Transamerica
It's all about the toilets: Annise Parker's transgender order causes protest
One might have thought that in a time when Felicity Huffman can win an Academy Award for playing a transgender woman (and Hilary Swank can win one for portraying a trans man), Eddie Izzard can sell out stadiums while wearing makeup and heels and a trans woman can be on The Real World that it would be acceptable, if not downright expected, for cities not to discriminate against transgender individuals.
And yet the executive orders Mayor Annise Parker signed on March 25 have led to some backlash among local religious officials.
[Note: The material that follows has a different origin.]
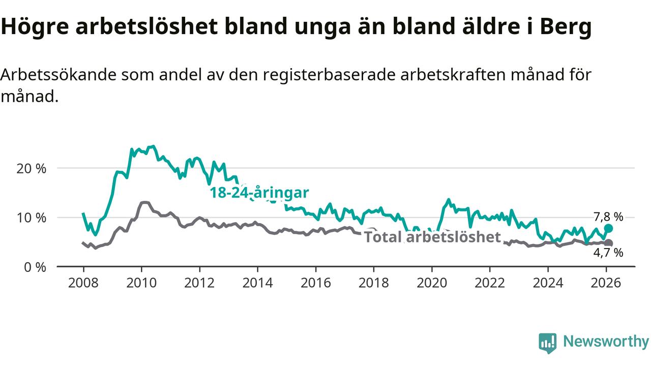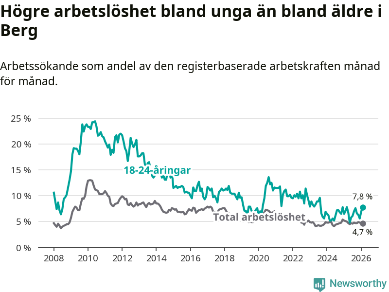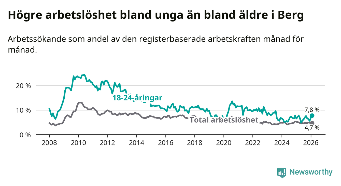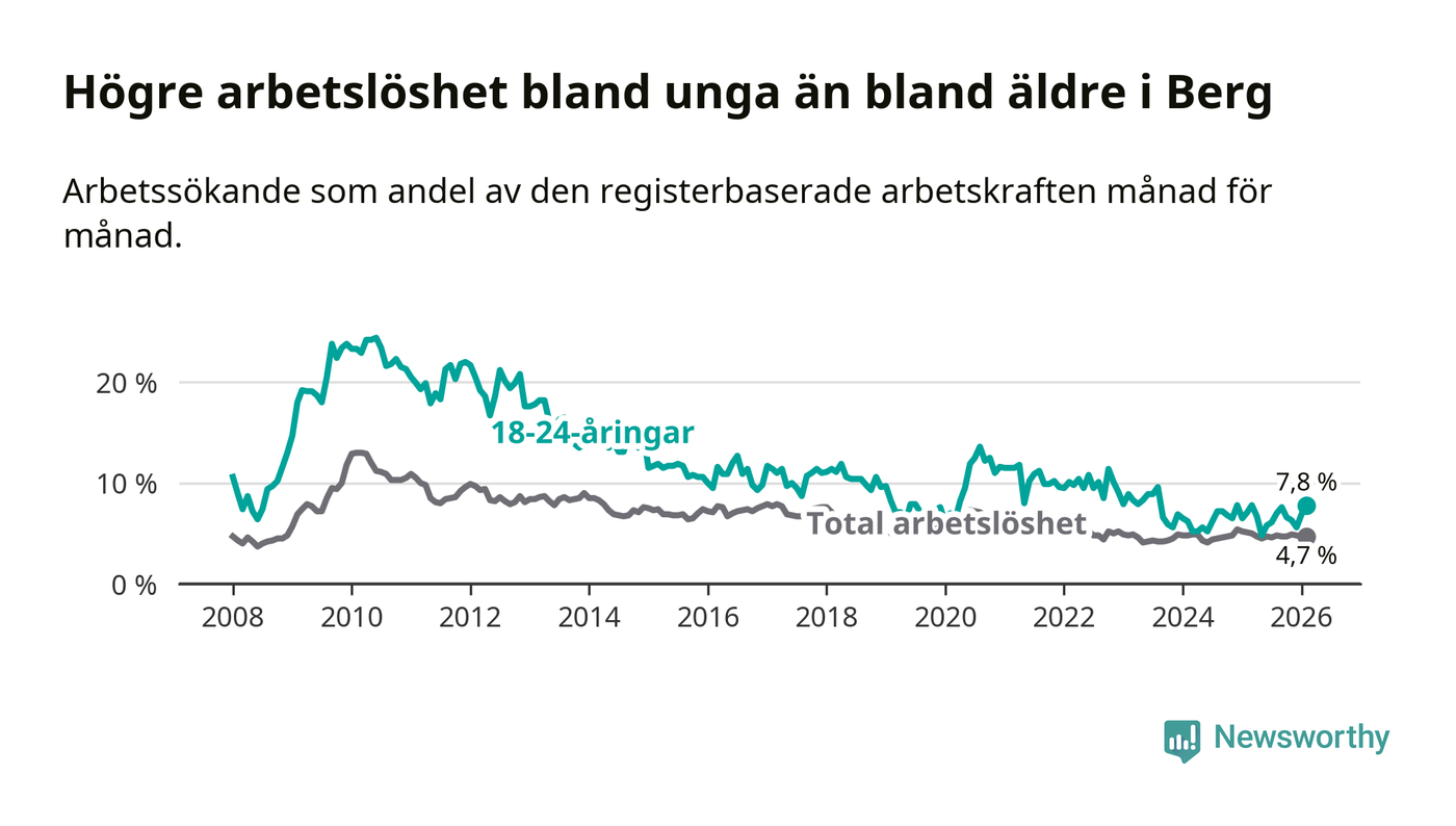 Till skillnad från den totala arbetslösheten stiger arbetslösheten bland unga (+0,7 procentenheter). I februari var 7,8 procent av 18–24-åringarna inskrivna som arbetssökande (motsvarande 25 personer). Mäter vi antalet inskrivna ser vi en ökning med tre personer på ett års sikt.

The orders, which added gender identification to race, creed, color, sex, national origin, age and disability as protected classes that city officials may not discriminate against, and allowed transgender individuals use the restroom of the sex with which they identify, were enforceable from the date of signing.
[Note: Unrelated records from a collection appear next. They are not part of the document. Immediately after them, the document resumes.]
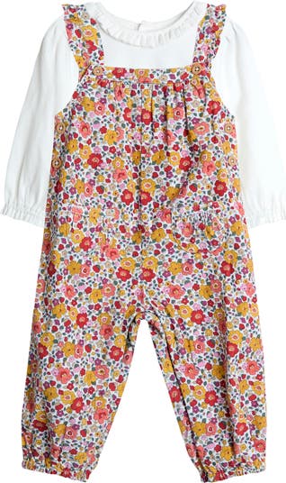 Keep baby classic and comfortable in this layer-loving long-sleeve T-shirt and floral corduroy overalls set cut from pure cotton.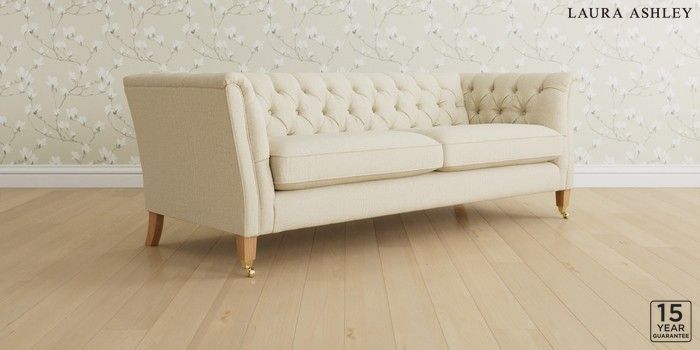 6.12.1 Buy Chatsworth Button Back by Laura Ashley 4 Seater Sofa Orla Oyster Natural Straight Brass Castor - Light Oak from the Next UK online shop Click here to use our accessible website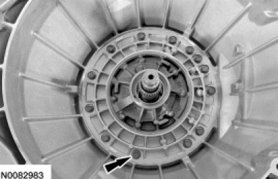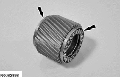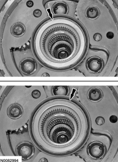 32. If the T10 thrust bearing is attached to the rear planetary carrier, remove it from the carrier. If it stayed in the transmission case when the rear planetary carrier was removed, remove it from the transmission case.
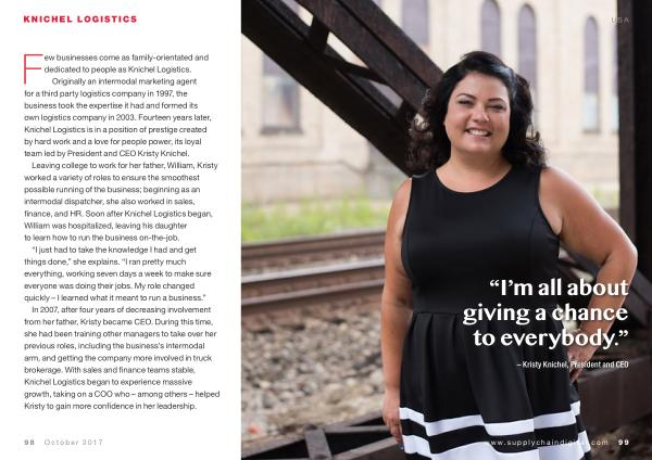 Leaving college to work for her father , William , Kristy worked a variety of roles to ensure the smoothest possible running of the business ; beginning as an intermodal dispatcher , she also worked in sales , finance , and HR . Soon after Knichel Logistics began , William was hospitalized , leaving his daughter to learn how to run the business on-the-job .

Steve Riggle, senior pastor of Grace Community Church told Christian Post that “Forcing women in particular using city facilities to be subjected to cross-dressing men invading their privacy is beyond the pale and offensive to every standard of decency.” Riggle, like many of the figures speaking out, is a member of the conservative Houston Area Pastor Council, the same group that launched vehement attacks against Parker during her mayoral campaign based on her sexuality.
But as the Houston Chronicle notes, as far as bathrooms are concerned, the order affects only city officials, not members of the public using city facilities. An ordinance, not an executive order, would be required to implement the policy outside of municipal government workplaces.
Transgender Foundation of America director Cristan Williams responded the the criticism, noting that "Of course it remains unlawful for men to go into the women’s restroom. This order stops the institutionalized practice of forcing transgender females, like myself, into restrooms where males are in a state of undress ... Pretending that the City has made it legal for men to hang out in the women’s restroom is preposterous, disingenuous and, well, nutty.”
According to the Transgender Center, the language of the mayor's restroom facilities order was prompted by a staff member of City Councilwoman Jolanda Jones, a transgender woman who had previously been forced to use the men's restroom. As Jones told Transgender Center, "This all started out so simply: trying to require dignity and respect for one of my staffers who was targeted for who she is."